Reaffirmation Agreements

  • Requires debtors to receive extensive, standardized disclosures and explanations prior to committing to reaffirmation. Establishes a presumption of undue hardship (requiring judicial disapproval) if debtor has insufficient income to pay the debt. Exempts debts to credit unions from these new protections.

Tax Returns

  • Requires Chapter 7 or 13 debtors to submit either a tax return or transcript for the taxable period prior to case filing. Provides creditors with such documents upon request.

Credit Counseling

  • Conditions eligibility to file for bankruptcy on debtor’s consultation with approved credit counselor within 180 days prior to filing. Counseling may occur via telephone or the Internet.

Retirement and Education Savings

  • IRS-qualified retirement funds are sheltered from creditors.
  • Education IRAs and tuition program credits are sheltered from creditors if for a family member and made at least one year prior to filing; contributions made between one and two years prior to filing are subject to a $5,000 cap.

Creditor Representation

  • Allows a creditor to be represented by a non-attorney at the first meeting of creditors.

Nondischargeable Debts

  • Debt incurred to pay a state or local tax is nondischargeable (such debt is nondischargeable for federal taxes under current law).

Abusive Filings

  • Extends time between permissible Chapter 7 filings to eight years after prior discharge, and five years for Chapter 13 filings.

Anti-Loading Up

  • Establishes presumption of nondischargeability for charges for "luxury goods and services" made within 90 days prior to filing and exceeding $250, and for cash advances exceeding $750 and made within 70 days prior to filing. "Luxury goods and services" are defined as those not reasonably necessary for support of the debtor or dependents.

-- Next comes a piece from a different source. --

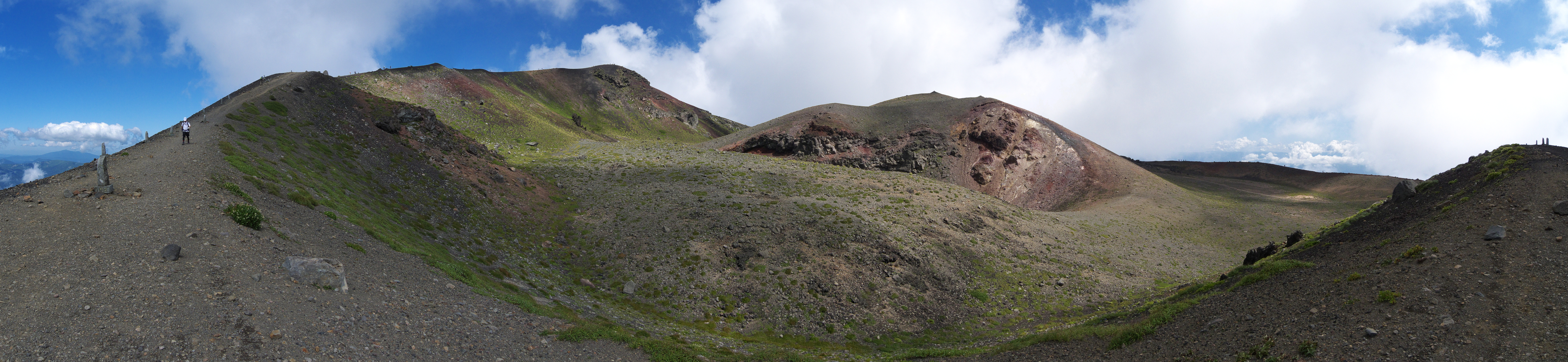 Panoramic of the crater of Mount Iwate in Iwate Prefecture, Japan

Secured Lender Protections

  • A Chapter 7 debtor is required to reaffirm or redeem a loan secured by personal property within 45 days of filing, or surrender the property.
  • A secured creditor in Chapter 13 retains its lien on the collateral until debt payment is completed or the debtor receives a discharge.

COMMERCIAL PROVISIONS

Shopping Center Leases

  • Requires debtor or trustee to assume or reject a non-residential real property lease within 120 days or the date of plan confirmation, whichever comes earlier. The court may grant a one-time, 90-day extension for cause; additional extensions may only be granted with the lessor’s written consent.

Chapter 12

  • Chapter 12 is made permanent. Monetary limits for eligibility are indexed to the Consumer Price Index going forward.

Exclusivity

  • Prevents judge from extending the Chapter 11 exclusivity period (during which only the debtor may propose a reorganization plan) for more than 18 months.

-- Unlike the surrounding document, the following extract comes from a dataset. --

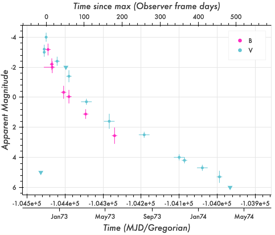 Photometry of Tycho

    Small Business Bankruptcy

    • Establishes an expedited form of Chapter 11 reorganization for businesses with less than $3 million in aggregate debts.

    Reclamation

    • Establishes a new, expanded federal reclamation right for trade creditors (shippers of goods) that permits them to take back goods from a debtor, and enlarges their administrative claim against the estate. However, goods providing collateral for secured lenders may not be reclaimed.

    Employee Benefits

    • Excludes withheld employee benefit and health care contributions from property of the estate.

    Financial Instruments

    • Amends the Bankruptcy Code and the Federal Deposit Insurance Act to ensure that the insolvency of any party to a swap or similar financial instrument does not disrupt financial markets.

    Preferences

    • Makes technical improvements to 1994 language overturning the effect of the Deprizio decision.

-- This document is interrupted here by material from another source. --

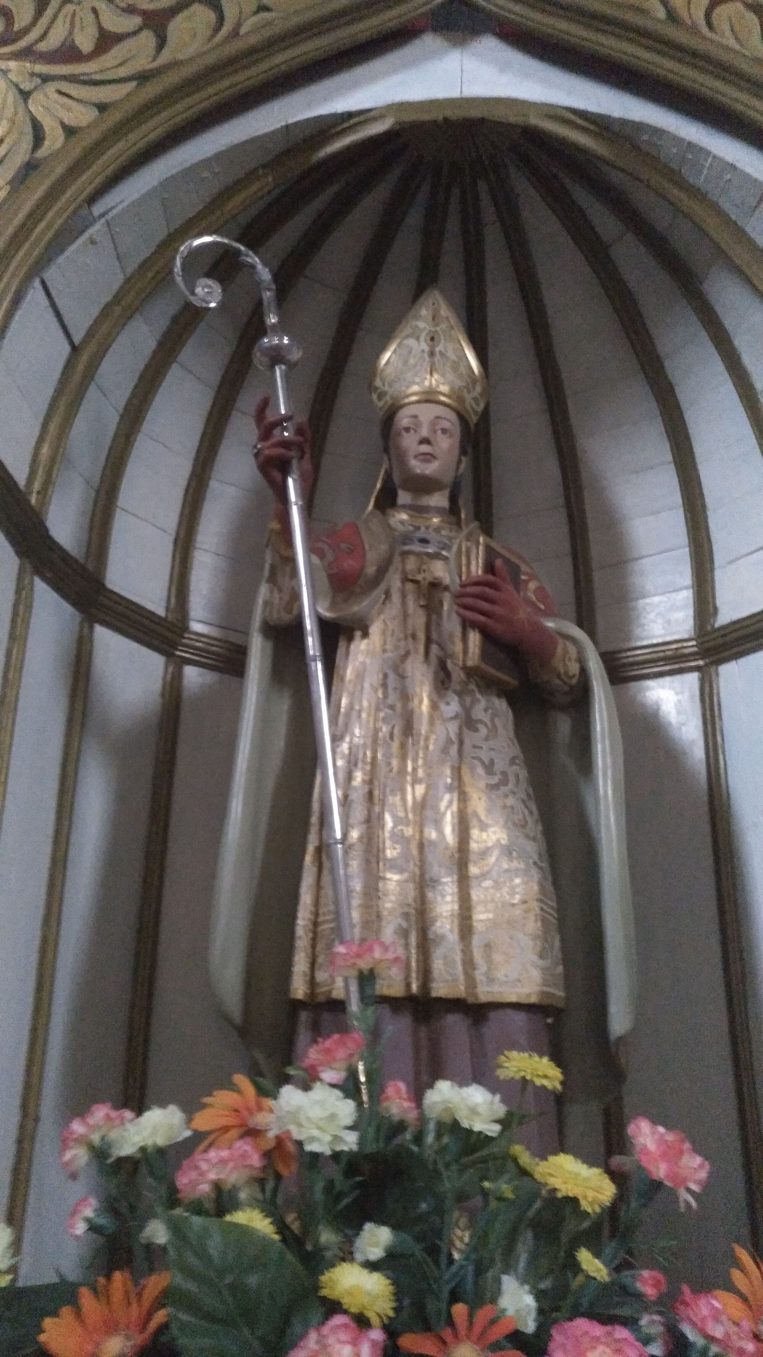 Image of Saint Martial of Limoges (patron saint of Lanzarote) in Femés, Lanzarote.

    Single Asset Real Estate

    • Expands protection against abusive commercial realty reorganizations by striking the $4 million debt cap contained in current law.

    ADMINISTRATIVE PROVISIONS

    Direct Appeal

    • Allows direct appeal of bankruptcy court decisions to the court of appeals if the district court fails to act within 30 days of the appeal’s filing, unless the parties to the case agree that the district court shall hear the appeal.